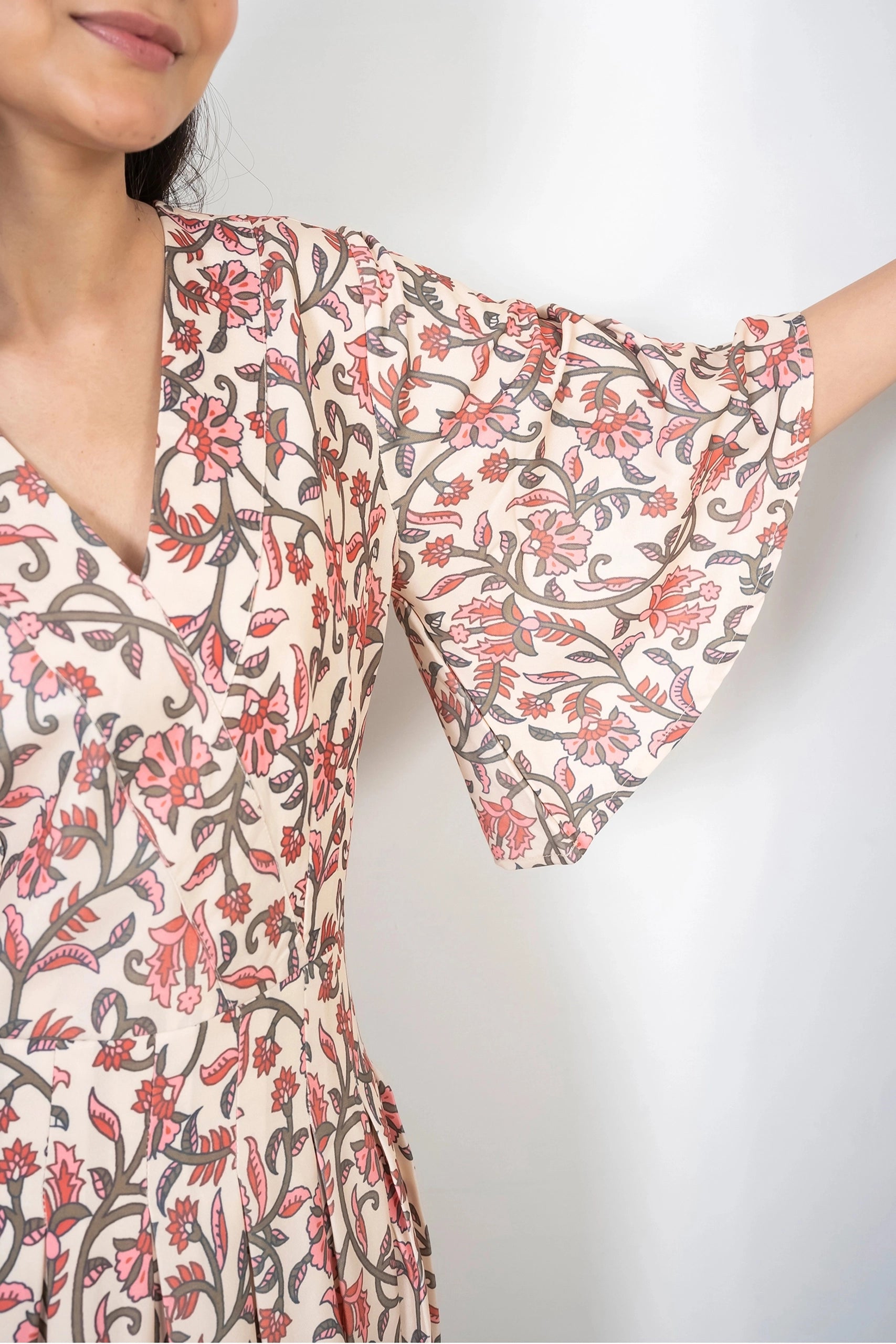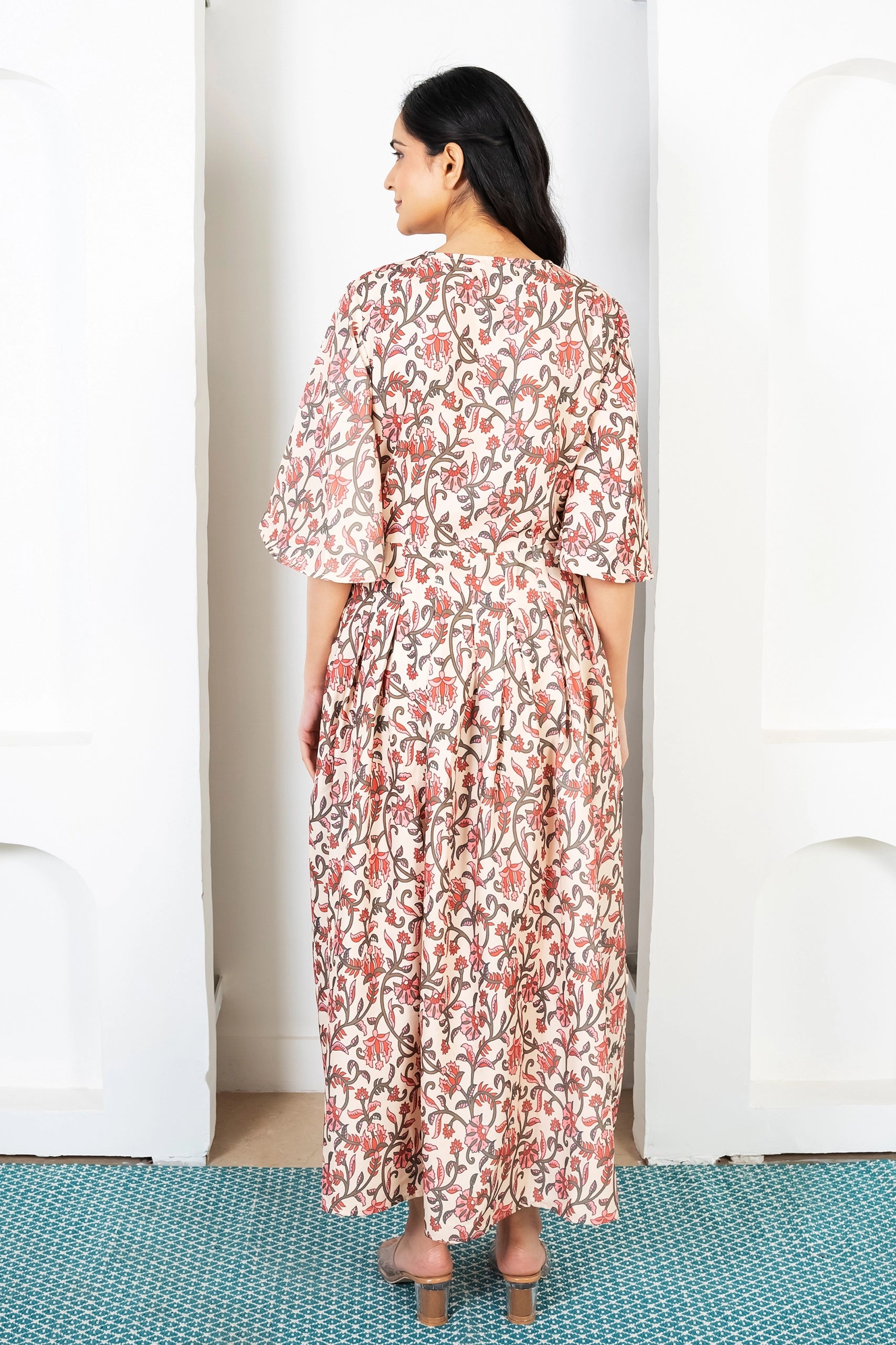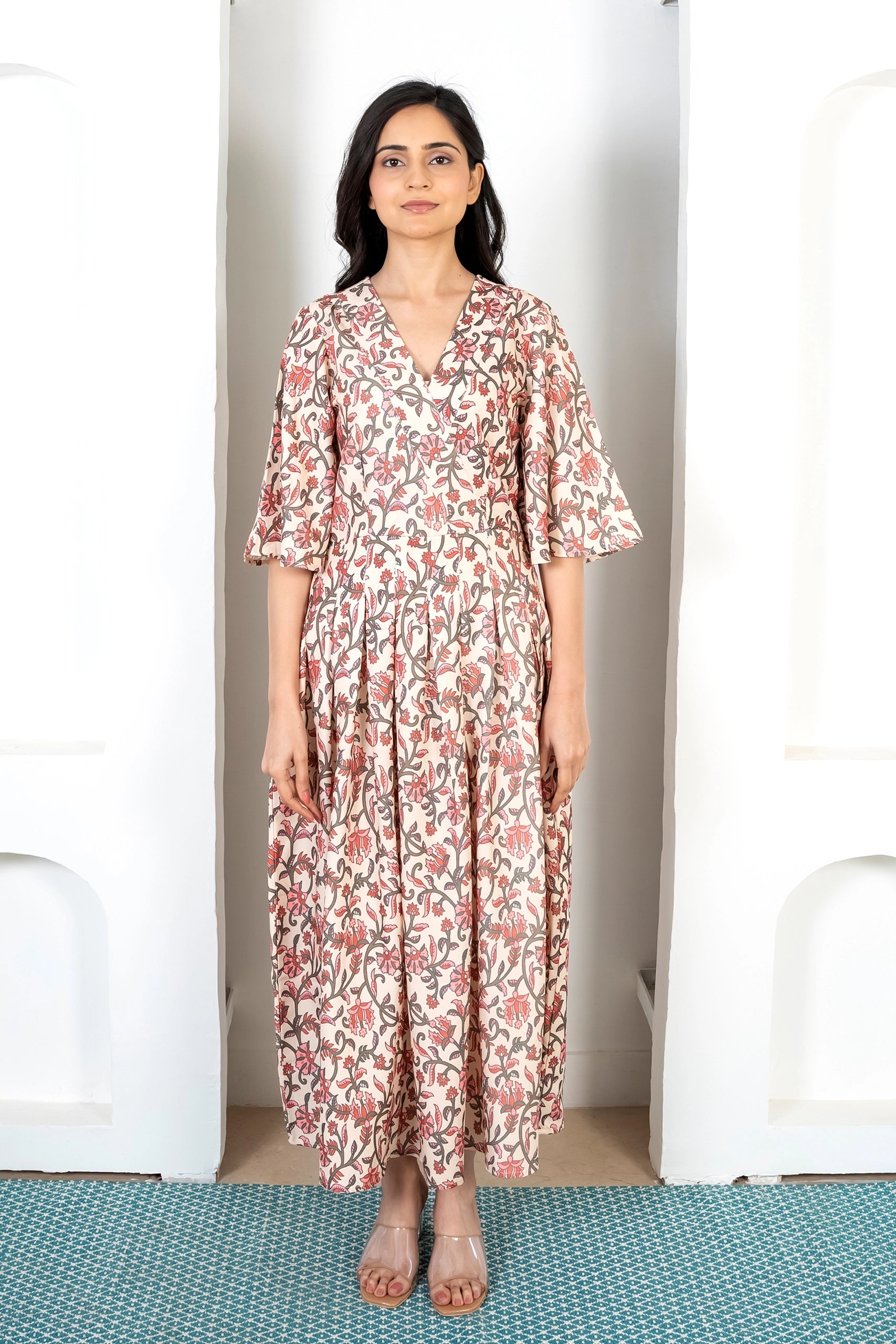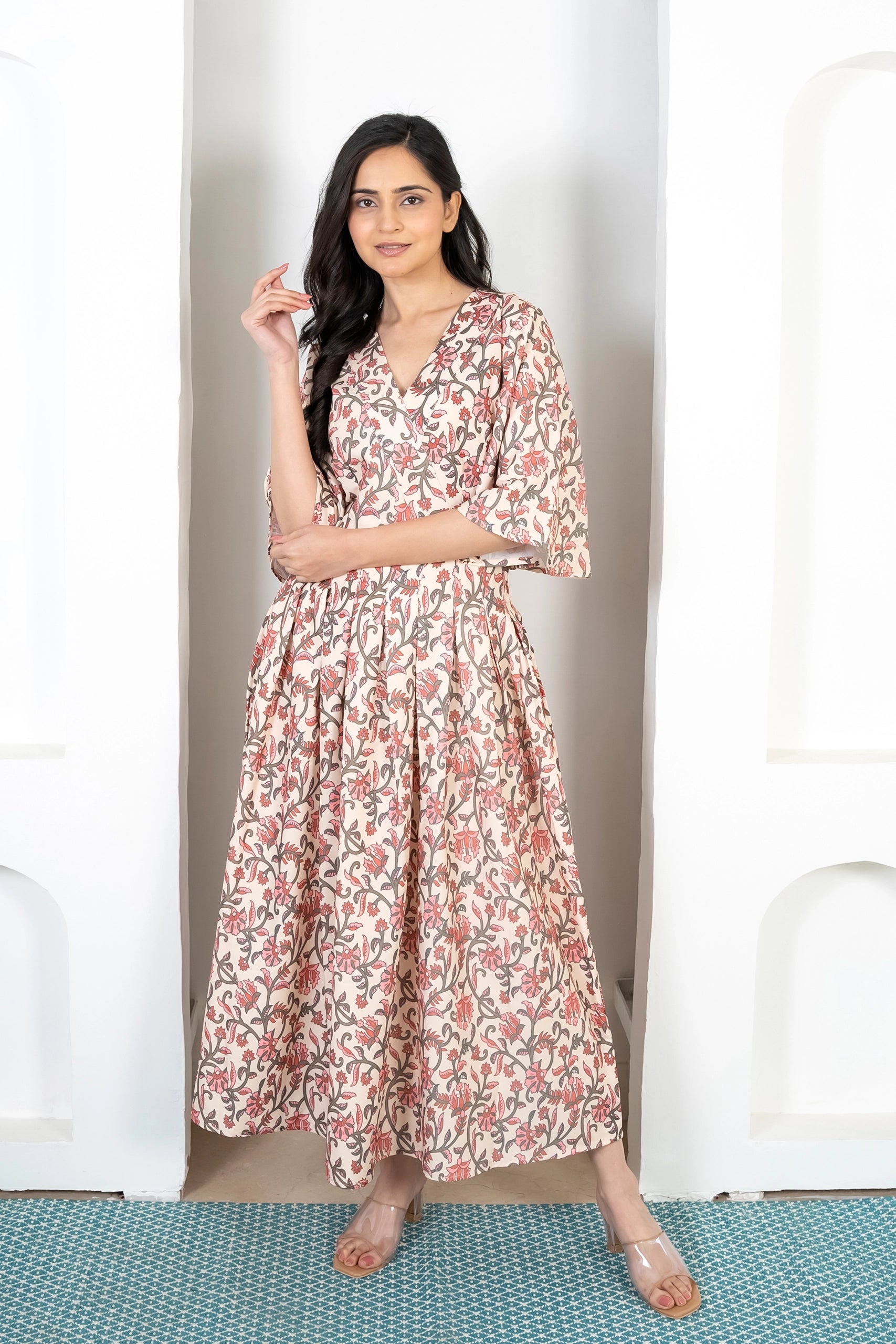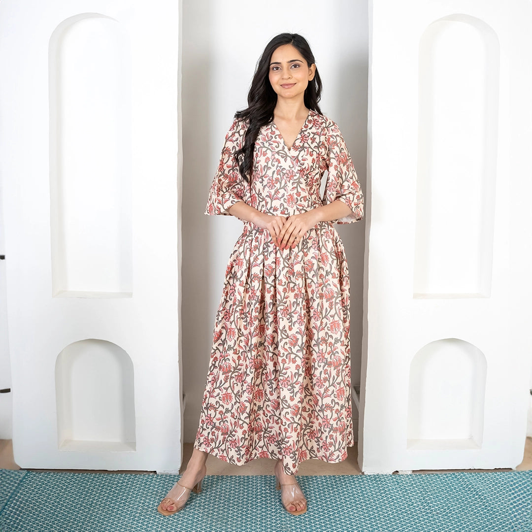 Comfy Cream and Red Floral Printed Maxi Dresses for Women
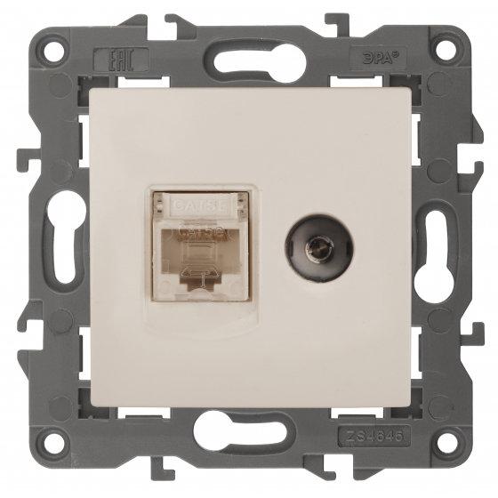 14-3110-02 ЭРА Розетка RJ45+TV, IP20, сл.кость
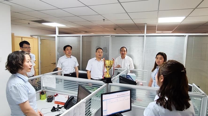 人民銀行消保局副局長(zhǎng)馬紹剛在太原中心支行視察12363熱線(xiàn)工作。
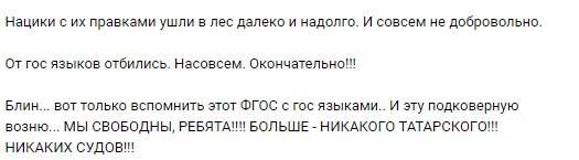 "Федеральные государственные образовательные стандарты дошкольного, начального общего и основного общего образования обеспечивают возможность получения образования на родных языках из числа языков народов Российской Федерации, изучения государственных языков республик Российской Федерации, родных языков из числа языков народов Российской Федерации, в том числе русского языка как родного языка. ...МЫ СВОБОДНЫ, РЕБЯТА!!!! БОЛЬШЕ — НИКАКОГО ТАТАРСКОГО!!! НИКАКИХ СУДОВ!!!"
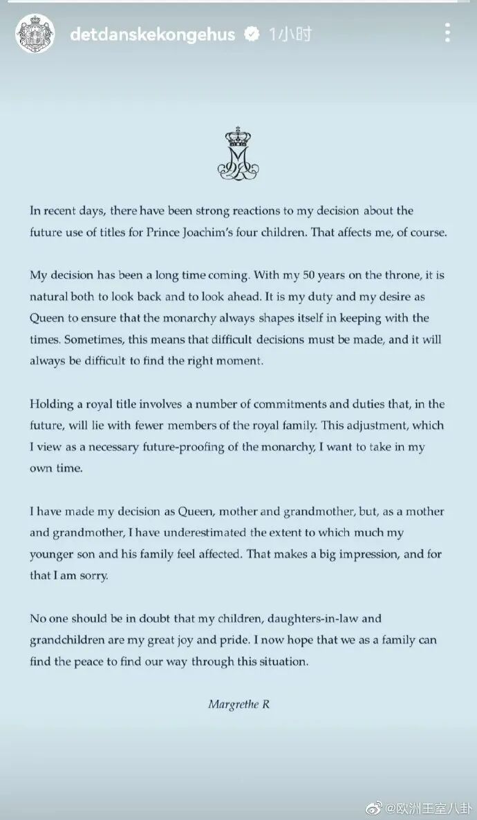 不知道大家还记不记得差不多就在1个月前,丹麦王室平地惊雷,宣布从明年1月1日起,二王子约克姆4个子女将失去王子和公主的头衔,只能挂着来自已故亨利克亲王法国娘家的蒙佩扎伯爵/女伯爵的头衔(滴!您的王子/公主体验卡即将到期,不可续费……)
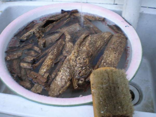 2、先用食盐加适量开水溶化,取杜仲块或丝条,使与盐水充分拌透吸收。
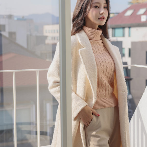 ソフト ブークレ ダブルボタン ロングコート Ⅱ
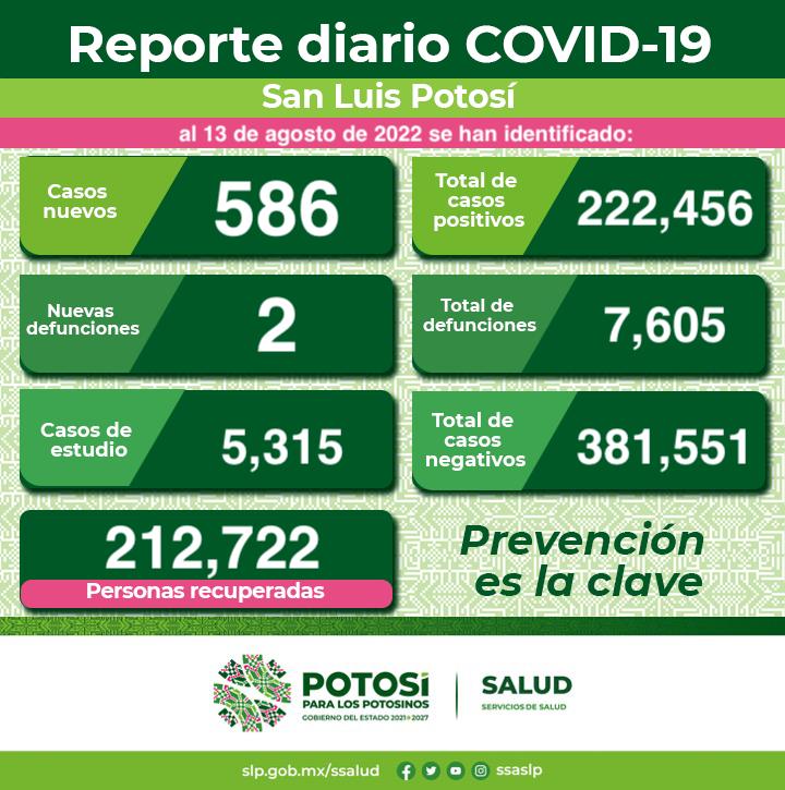 Se dan a conocer en el Informe Covid, 586 nuevos contagios confirmados en la Entidad. El Comité Estatal para la Seguridad en Salud y los Servicios de Salud informan que, se registran 221 mil 870 casos totales de esta enfermedad.
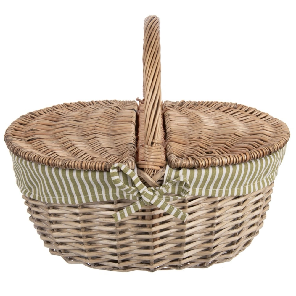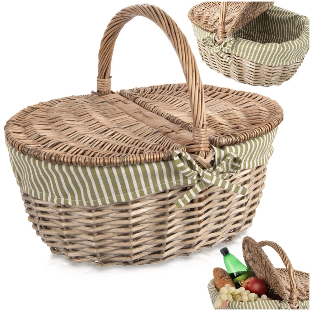 - Wiklinowy kosz piknikowy z uchylnym wiekiem i praktycznym uchwytem. Wyposażony w wyściółkę wewnętrzną. Idealny na piknik, ale sprawdzi się również jako kosz na grzyby.
---*---
**WHAT TO DO:** Every line from the one with "государственные образовательные стандарты" through the one with "ソフト ブークレ ダブルボタン ロングコート Ⅱ" is to be reproduced exactly as written above, and the pictures are to be dropped.

**OUTPUT OF THE EXERCISE:**
 "Федеральные государственные образовательные стандарты дошкольного, начального общего и основного общего образования обеспечивают возможность получения образования на родных языках из числа языков народов Российской Федерации, изучения государственных языков республик Российской Федерации, родных языков из числа языков народов Российской Федерации, в том числе русского языка как родного языка. ...МЫ СВОБОДНЫ, РЕБЯТА!!!! БОЛЬШЕ — НИКАКОГО ТАТАРСКОГО!!! НИКАКИХ СУДОВ!!!"
 不知道大家还记不记得差不多就在1个月前,丹麦王室平地惊雷,宣布从明年1月1日起,二王子约克姆4个子女将失去王子和公主的头衔,只能挂着来自已故亨利克亲王法国娘家的蒙佩扎伯爵/女伯爵的头衔(滴!您的王子/公主体验卡即将到期,不可续费……)
 2、先用食盐加适量开水溶化,取杜仲块或丝条,使与盐水充分拌透吸收。
 ソフト ブークレ ダブルボタン ロングコート Ⅱ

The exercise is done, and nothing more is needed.